Available data:
■ ■ ■ ■ ■ ■ ■
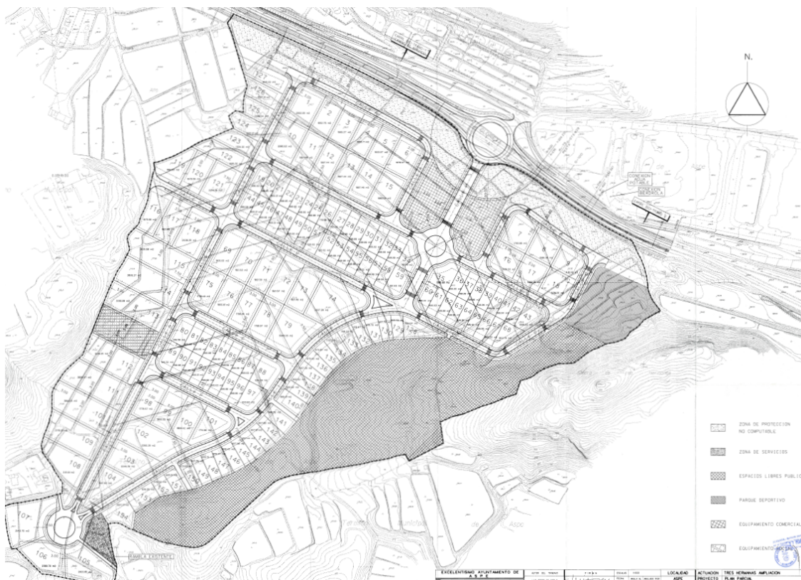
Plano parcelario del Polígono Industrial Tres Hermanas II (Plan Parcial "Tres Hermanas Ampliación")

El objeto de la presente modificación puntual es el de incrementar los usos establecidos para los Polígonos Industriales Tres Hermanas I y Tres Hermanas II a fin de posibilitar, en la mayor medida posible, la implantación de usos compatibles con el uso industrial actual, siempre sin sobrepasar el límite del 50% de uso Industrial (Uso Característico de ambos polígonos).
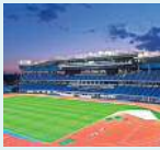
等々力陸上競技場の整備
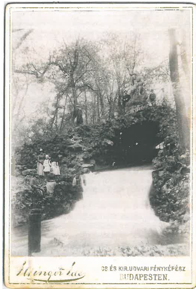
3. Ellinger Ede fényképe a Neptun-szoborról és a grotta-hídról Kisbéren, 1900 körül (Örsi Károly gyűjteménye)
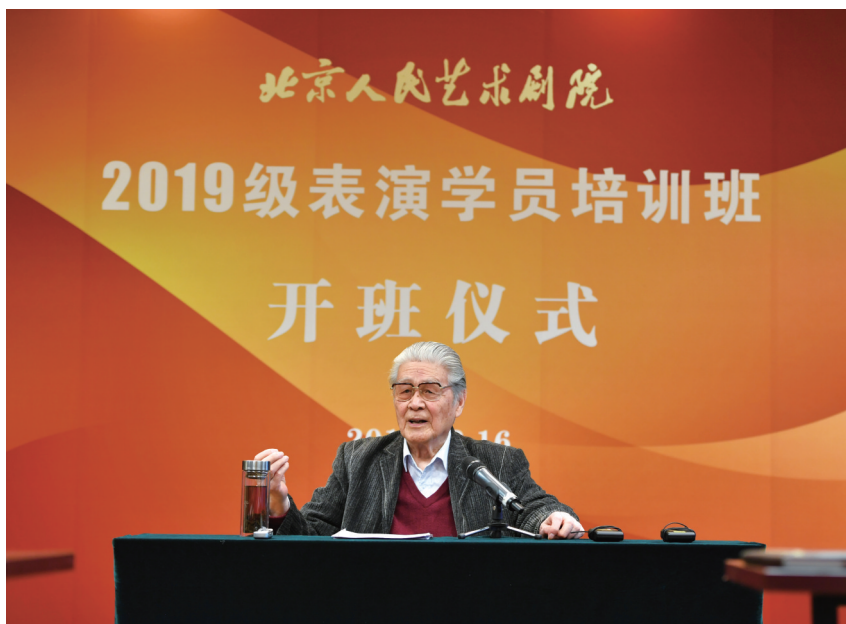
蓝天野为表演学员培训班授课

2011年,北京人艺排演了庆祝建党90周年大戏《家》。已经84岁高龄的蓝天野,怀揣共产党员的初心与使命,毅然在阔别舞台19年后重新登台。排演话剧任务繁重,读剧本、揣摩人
■ ■ ■ ■ ■ ■ ■
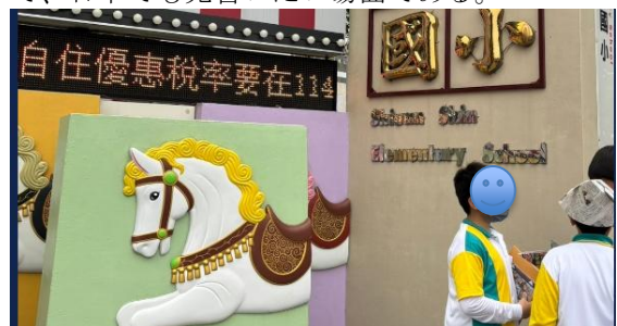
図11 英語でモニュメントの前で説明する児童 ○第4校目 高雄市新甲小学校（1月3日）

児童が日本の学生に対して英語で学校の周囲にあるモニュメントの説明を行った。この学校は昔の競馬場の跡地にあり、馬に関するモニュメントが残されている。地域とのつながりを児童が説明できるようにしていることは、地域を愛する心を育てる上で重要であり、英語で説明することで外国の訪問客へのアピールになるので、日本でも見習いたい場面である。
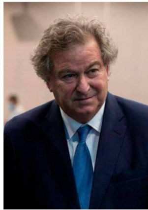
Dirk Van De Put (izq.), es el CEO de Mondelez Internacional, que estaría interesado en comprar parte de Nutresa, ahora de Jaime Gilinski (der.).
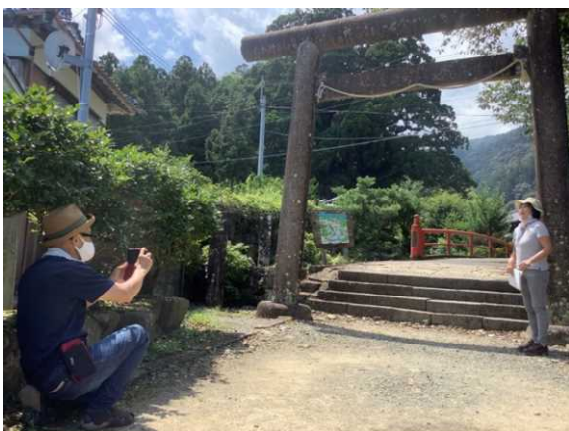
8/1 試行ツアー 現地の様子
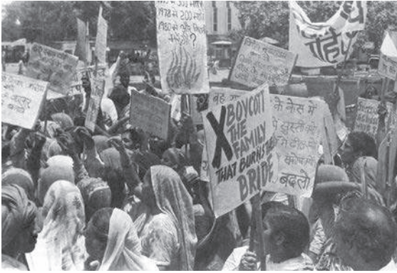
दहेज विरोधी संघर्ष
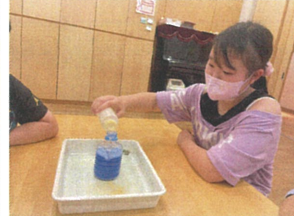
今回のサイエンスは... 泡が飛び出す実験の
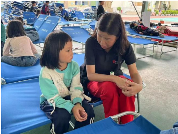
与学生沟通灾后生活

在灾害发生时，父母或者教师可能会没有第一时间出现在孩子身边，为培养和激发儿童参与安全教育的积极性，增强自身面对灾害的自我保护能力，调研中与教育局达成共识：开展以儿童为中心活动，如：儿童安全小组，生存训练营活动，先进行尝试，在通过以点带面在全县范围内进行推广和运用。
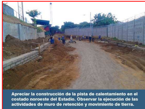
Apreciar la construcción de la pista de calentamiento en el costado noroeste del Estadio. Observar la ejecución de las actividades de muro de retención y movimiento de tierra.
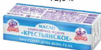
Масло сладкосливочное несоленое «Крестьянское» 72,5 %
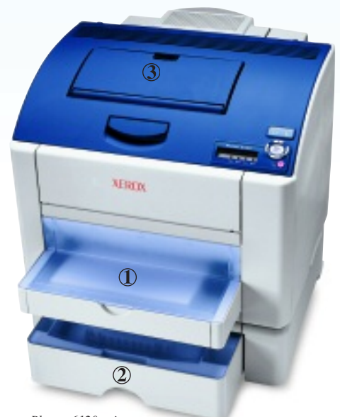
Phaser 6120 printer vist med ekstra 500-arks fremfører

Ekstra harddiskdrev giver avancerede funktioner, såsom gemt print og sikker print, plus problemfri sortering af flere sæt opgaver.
■ ■ ■ ■ ■ ■ ■
Task objective: Report back every line of the entries in which "Hermanas" occurs.

Solution to this task:
Plano parcelario del Polígono Industrial Tres Hermanas II (Plan Parcial "Tres Hermanas Ampliación")
El objeto de la presente modificación puntual es el de incrementar los usos establecidos para los Polígonos Industriales Tres Hermanas I y Tres Hermanas II a fin de posibilitar, en la mayor medida posible, la implantación de usos compatibles con el uso industrial actual, siempre sin sobrepasar el límite del 50% de uso Industrial (Uso Característico de ambos polígonos).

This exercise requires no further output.